Annual Conference Keynote Speaker Announced

Dr. Dan Reichart has been announced as the keynote speaker for the SARA Annual Conference to be held July 14 to 17 at the National Radio Astronomy Observatory in Green Bank, WV.

Dr. Dan Reichart earned B.S. degrees in Astronomy & Astrophysics, Physics, and Mathematics and a minor in History from the Pennsylvania State University in 1996, and M.S. and Ph.D. degrees in Astronomy & Astrophysics from the University of Chicago in 1998 and 2000. Dan then won a Hubble Postdoctoral Fellowship, which he took to the California Institute of Technology in Pasadena. Since 2002, he has been an Assistant Professor of Physics & Astronomy at the University of North Carolina at Chapel Hill.
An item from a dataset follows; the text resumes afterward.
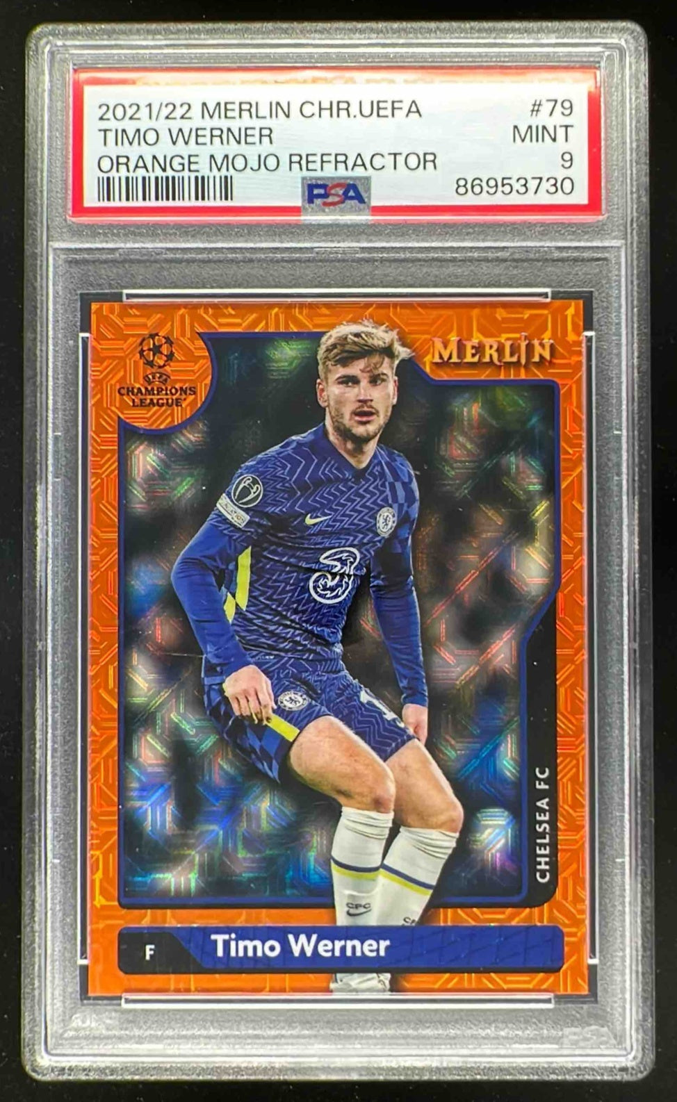 2021-22 Topps Merlin Chrome Orange Mojo Refractor #79 Timo Werner /25 PSA 9

Dan’s dissertation research on distant, cosmic explosions called gamma-ray bursts was ranked by Science Magazine as one of the top ten discoveries in science in 1999, and in 2003 earned him the Robert J. Trumpler Award, for top astrophysics dissertation research in North America.
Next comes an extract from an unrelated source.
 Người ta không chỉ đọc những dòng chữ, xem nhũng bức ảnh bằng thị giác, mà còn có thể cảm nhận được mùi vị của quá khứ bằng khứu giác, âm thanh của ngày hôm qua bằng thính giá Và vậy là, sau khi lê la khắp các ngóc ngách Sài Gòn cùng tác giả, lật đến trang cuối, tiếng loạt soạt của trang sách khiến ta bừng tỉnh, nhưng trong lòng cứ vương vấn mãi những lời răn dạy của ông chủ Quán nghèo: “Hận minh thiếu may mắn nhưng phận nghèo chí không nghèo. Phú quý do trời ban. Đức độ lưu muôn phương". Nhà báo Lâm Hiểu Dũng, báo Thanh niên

In 2005, he and his students at the University of North Carolina discovered the most distant explosion in the universe yet known, a gamma-ray burst that occurred 12.8 billion years ago, when the universe was only 6% its current age. Their findings were published in Nature Magazine.

Dan and his students are currently building six robotic telescopes, or telescopes that control themselves, on a remote mountaintop in the Chilean Andes, and are helping others to build similar telescopes across the United States. When not observing gamma-ray bursts, the telescopes are available to students and educators of all levels from their home and school computers.

Dan is also the recipient of the Carl Sagan Award for Excellence in Teaching, the Nathan Sugarman Award for Excellence in Research, the Donn MacMinn Award for Service beyond the Walls of the University, and Ernest F. Fullam Award of Dudley Observatory.

As of June 2006, he has published 60 scientific papers, 114 observing reports, and has written popular articles for Sky & Telescope and Mercury magazines. He has raised over two million dollars for his research, and regularly reviews grant proposals for the National Science Foundation and NASA.